Electroacupuncture for Preventing Adverse Events of Cancer Immunotherapy

Launched by QINGHAI RED CROSS HOSPITAL · Mar 17, 2025

Keywords

ClinConnect Summary

This clinical trial is looking at whether electroacupuncture can help prevent side effects related to cancer immunotherapy in adults with advanced cancers. Immunotherapy is a treatment that helps the body’s immune system fight cancer, but it can sometimes cause unwanted reactions known as immune-related adverse events (irAEs). The study will involve patients who are receiving their first treatment with certain types of immunotherapy and will assess how effective and safe electroacupuncture is in reducing these side effects.

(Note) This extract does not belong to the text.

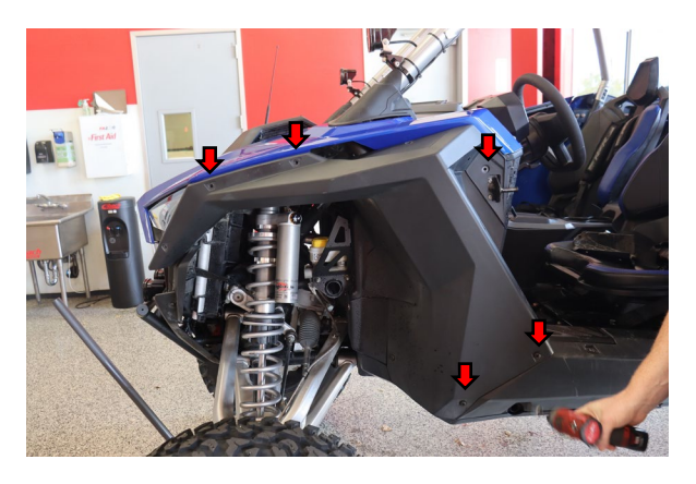
Remove all of the torx screws and clips on the fender.

To participate in this trial, individuals must be at least 18 years old and have a confirmed diagnosis of a malignant tumor, among other criteria. They should not have received specific previous treatments or have certain health conditions that could interfere with the trial. If eligible, participants can expect to receive electroacupuncture treatment alongside their cancer therapy, and the study will monitor their health and any side effects that arise. This research aims to provide valuable insights that could improve care for cancer patients undergoing immunotherapy.

Gender

ALL

Eligibility criteria

• Inclusion Criteria:
• • 1. Age ≥ 18 years, any gender, any nationality.
• • 2. Eastern Cooperative Oncology Group (ECOG) performance status of 0-2.
• • 3. A definitive diagnosis of malignant tumor confirmed by pathology, and no previous treatment with PD-1/PD-L1 inhibitors.
• • 4. Patients who are receiving their first treatment with PD-1/PD-L1 inhibitors monotherapy, PD-1/PD-L1 inhibitors combined with anti-angiogenic agents, or combined chemotherapy.
• • 5. Expected survival of more than 3 months.
• • 6. Normal bone marrow and organ function.
• • 7. Premenopausal women must use adequate contraception.
• • 8. Written informed consent obtained from the patient prior to enrollment.
• Exclusion Criteria:
• • 1. Patients who have previously received or are currently receiving immunotherapy monotherapy, immunotherapy combined with chemotherapy, or immunotherapy combined with targeted therapy.
• • 2. Patients who have undergone acupuncture, radiotherapy, or surgery within 4 weeks prior to the start of treatment.
• • 3. Patients who have received any dose of systemic corticosteroid treatment within 72 hours prior to Day 1 of Cycle 1.
• • 4. Patients with active systemic autoimmune diseases within the past 2 years (such as but not limited to: autoimmune hepatitis, interstitial pneumonia, uveitis, enteritis, hepatitis, pituitaryitis, vasculitis, nephritis, hyperthyroidism, hypothyroidism; subjects with a history of vitiligo or asthma in childhood who have been in complete remission with no intervention in adulthood may be included; subjects requiring bronchodilator medical intervention should be excluded), diagnosed with immunodeficiency or treated with immunosuppressive therapy within the past week, human immunodeficiency virus (HIV) (+), history of non-infectious pneumonia treated with glucocorticoids, pneumonia, active tuberculosis, active hepatitis B or C virus infection, or currently undergoing any systemic treatment for active infections.
• • 5. Significant abnormal laboratory values (platelet count, absolute neutrophil count, free triiodothyronine (FT3), free thyroxine (FT4), thyroid stimulating hormone(TSH), adrenocorticotropic hormone (ACTH), morning cortisol, glycated hemoglobin (HbA1c), C-peptide, autoantibodies, alanine aminotransferase (ALT), aspartate aminotransferase (AST), alkaline phosphatase, prothrombin time/international normalized ratio (PT/INR), serum bilirubin, amylase, lipase, CRP).
• • 6. Skin diseases or inflammatory skin reactions that may interfere with clinical trial outcomes.
• • 7. Patients who have developed lymphedema at the site of acupuncture stimulation after receiving any acupuncture treatment.
• • 8. Patients who fear electroacupuncture stimulation or are allergic to stainless steel needles.
• • 9. Patients with psychiatric disorders, or those taking any antipsychotic or antidepressant medications.
• • 10. Any unresolved skin toxicity caused by previous chemotherapy or radiotherapy, except for hair loss.
• • 11. Patients with diabetes.
• • 12. Any other diseases, metabolic disorders, physical examination results, or clinical laboratory findings that raise reasonable suspicion of a disease or condition that may affect the interpretation of the outcomes or put the participant at high risk for treatment complications.
• • 13. Pregnant or breastfeeding women, or women planning to become pregnant during the study period.
• • 14. Severe medical or psychiatric conditions.
• • 15. Any patient deemed unsuitable for enrollment by the investigator.